Read a few more the previous night. In The Story of the Wulkh a professional bird hunter is commissioned by a taxidermist to hunt down a rare and exceedingly dangerous bird that inhabits a dangerous fenn in the east of Ireland. He is not, he's informed, the first. According to the taxidermist two other hunters have failed before him, caught in the boggy quicksand that lurks within the fenn. Thus prepared, the hunter ventures off into the fenns and so comes face to face with the strange bird known as the Wulkh... Decent piece this, again slightly reminiscent of Blackwood's The Willows in the air of desolation and alien mystery Ray manages to conjure up in his leanly poetic description of the fenns. A slightly silly ending, or so I thought, but a solid weird tale nontheless.

I Have Killed Alfred Heavenrock is a rather bleakly amusing tale of a professional con-man and shaving cream salesman who decides to impersonate a fictional cousin, the man of the title, in a plot to gain control of a rich widow's house. The plan succeeds, but his cousin begins to have other plans... Fictional characters coming to life is a fairly well worn theme though Ray's rather odd prose style and amusingly roguish protagonist add a nice spin on this particular piece.

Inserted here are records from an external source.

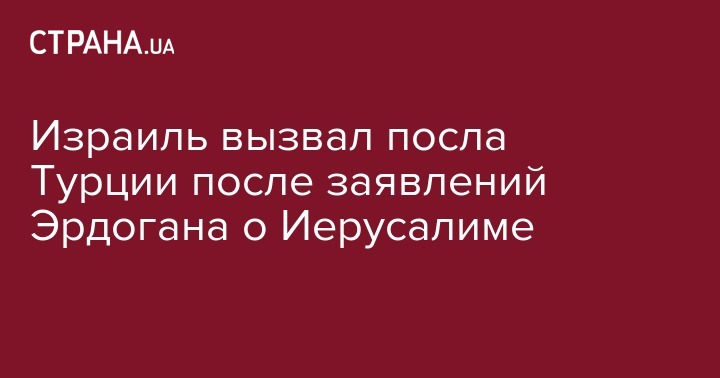 МИД Израиля вызвал для объяснений турецкого посла Кемаля Окема после заявлений президента Турции Реджепа Эрдогана в адрес Израиля. Об этом сообщает "Интерфакс Украина".
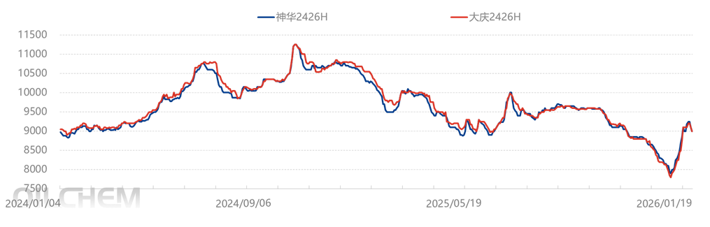 Starting in mid-January, as the situation in Iran eased, the market weakened and LDPE prices retreated from their highs. This was compounded by the start-up of Yulong Petrochemical's 300,000-ton LDPE/EVA plant, adding to supply pressure. On January 19th, the price of Shenhua 2426H fell to 8850 yuan/ton, a decrease of 450 yuan/ton from the high point on the 14th.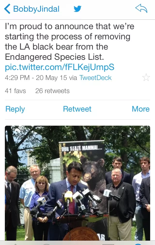As of today, Jindal’s Twitter page header features a photo of the governor posing shamelessly with the Duck Dynasty dudes, but for us, the winner is this earlier snap from May in which the gov is being photobombed by a bear, a.k.a. the “state mammal.”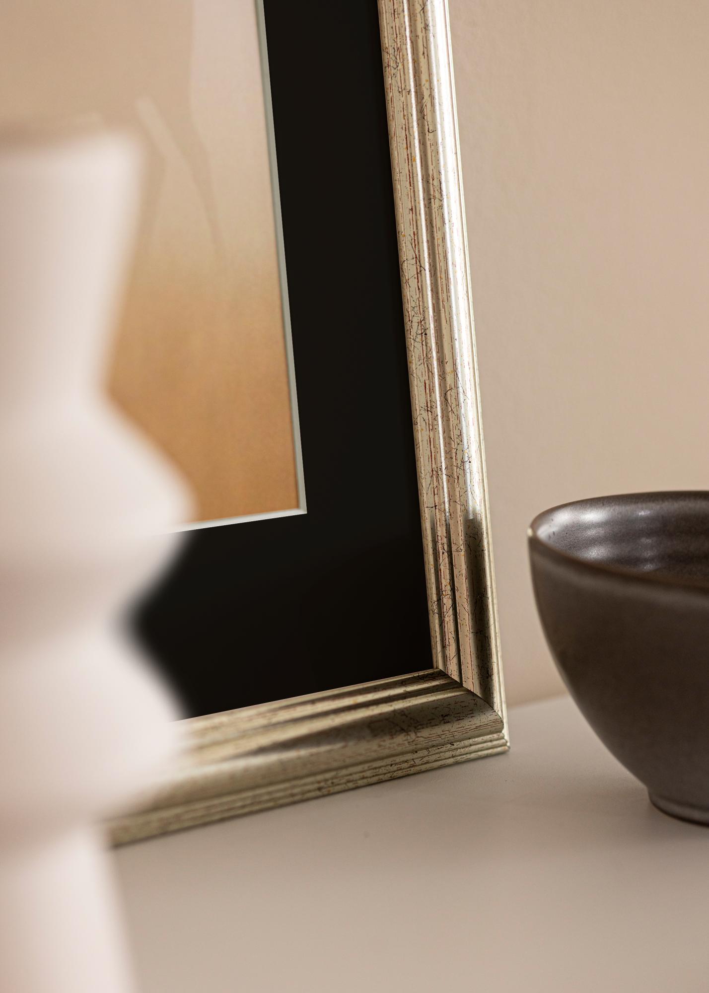 Ζήστε την κομψότητα και την εκλεπτυσμένη αίσθηση με τη μοναδική ασημένια κορνίζα μας, τέλεια για να αναδείξετε την εικόνα ή τη φωτογραφία σας μεγέθους 62x93 εκ. Η γυαλιστερή επιφάνεια της κορνίζας σε συνδυασμό με το μαύρο passepartout δημιουργεί μια δραματική αντίθεση που μαγνητίζει το μάτι του παρατηρητή και προσφέρει στο θέμα σας μια επαγγελματική κορνίζα.

The final story I read, My Cousin Passeroux, is wonderful. One night a man, eating dinner alone in his house, hears his doorbell ring. It is his cousin Passeroux, and he is hideously deformed and panic stricken. Inviting him in, he is told a strange tale: Passeroux, who has been spending the last year in the South Seas, one day comes upon a strange uncharted island where a race of minute pygmy-like beings with webbed hands and feet, hunt pearls by the coconut full. Thinking that he can obtain these pearls and thus make his fortune he abducts the chief's daughter. But a series of unfortunate events results in both the daughter and her father being killed in rather hideous ways, namely being eaten by a shark and cut in two respectively. Back on the mainland Passeroux begins to be hunted by a strange creature whom he is convinced is the severed torso of the chief of the island, accompanied always by a strong stench of decay, congealed bloodstains and the haunting refrain of, "like me... cut in two... eaten... rotten..." And one dark night, walking home from a quayfront tavern, he is assailed by the creature who crawls out of the gutter leaps onto his face. He manages to fend it off, but the next morning his head begins to literally putresce and swell to the size of a pumpkin. Fearing for his life he flees to his cousin's house in Belgium where he hopes he might achieve peace, for a short time at least...

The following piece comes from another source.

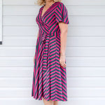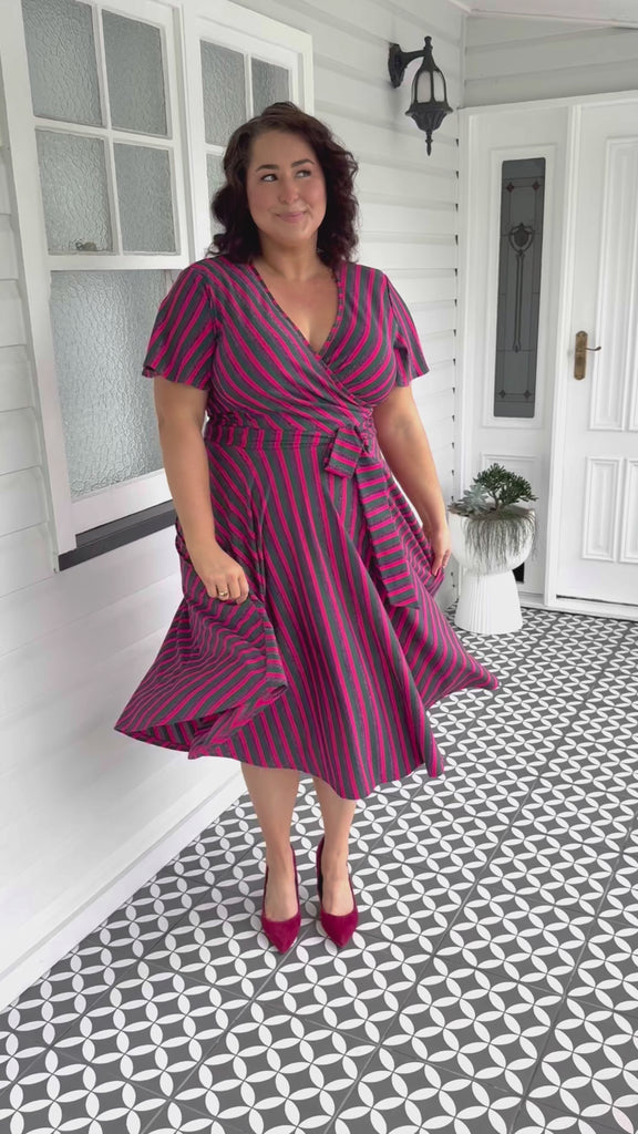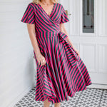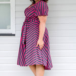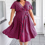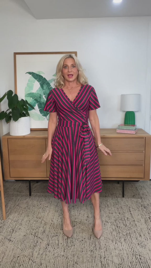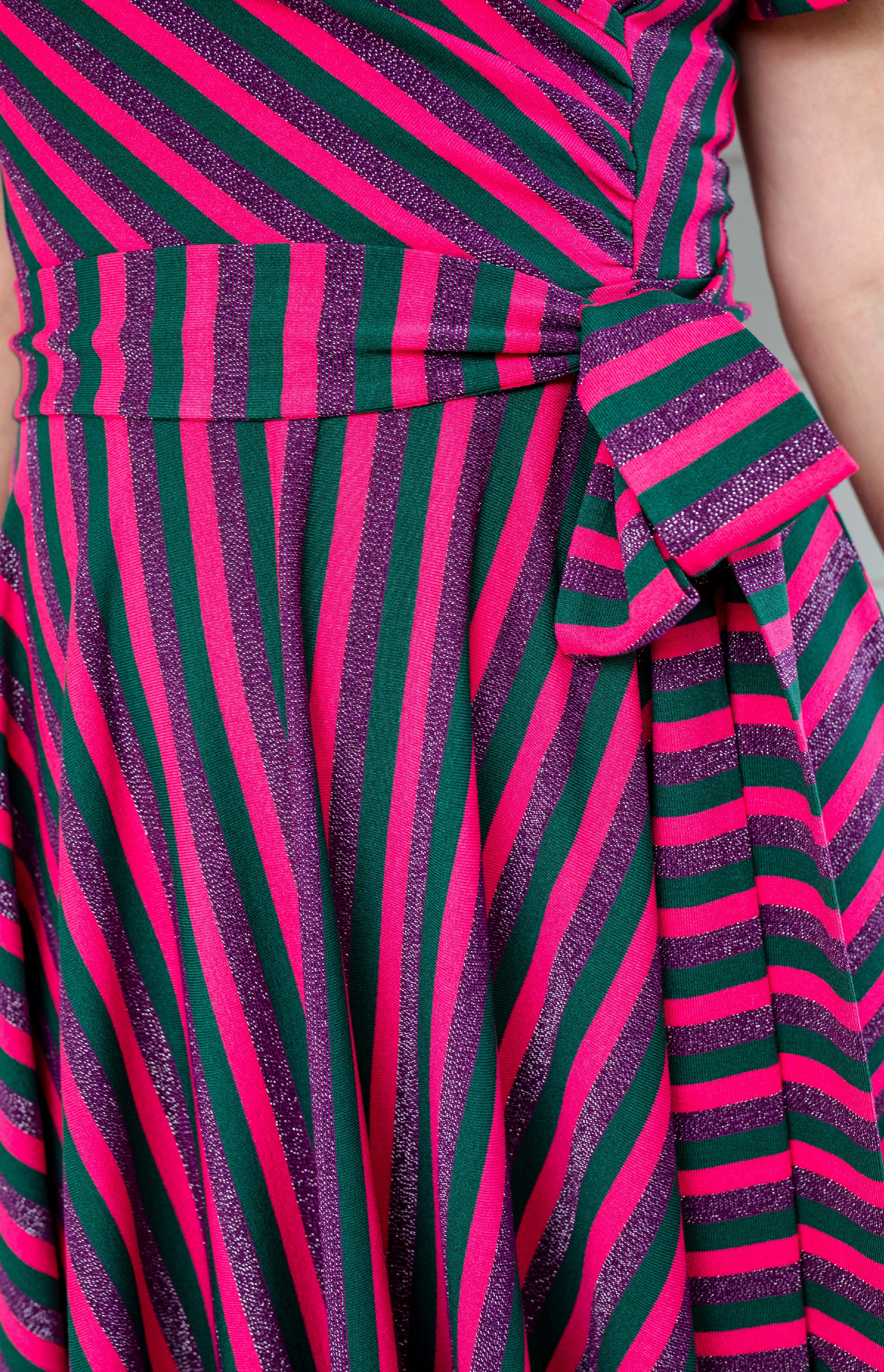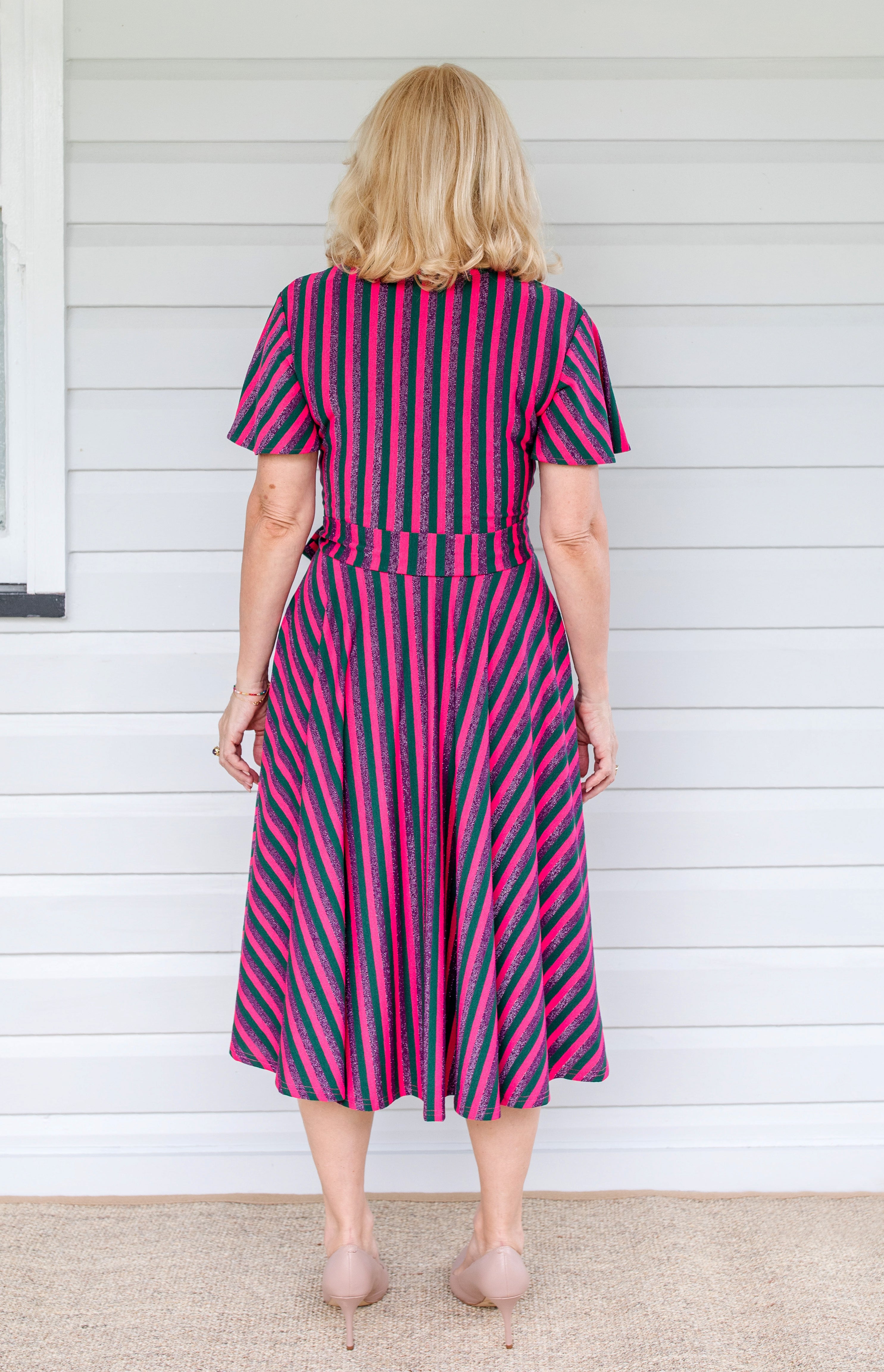 Guaranteed to make you shine, our Arabella Dress is winter wardrobe perfection in these opulent metallic stripes. This dress will be sure to turn every head in the room at your next special event.

This is a truly chilling and disturbing piece, and one of the best I've come across thus far in this collection. Every element is handled perfectly, and the descriptions of the ghost/zombie/whatever in its relentless pursuit really repulsed and horrified me, given an added chill by the fact that we never actually see it face to face but only in passing: a bloody handprint with webbed fingers, a splashing in a duck pond accompanied by a horrific stench of decay... And Ray doesn't pull any punches with his death scenes. The final line is a great one.

If I were to venture a comparison I'd say Henry S Whitehead's Cassius isn't too far off. But this is the superior piece in my opinion, no small praise given that Cassius is itself an excellent story. However there is a surreal nightmarishness to the Ray story that adds an added level of horror and Ray is more effective with his foreshadowing.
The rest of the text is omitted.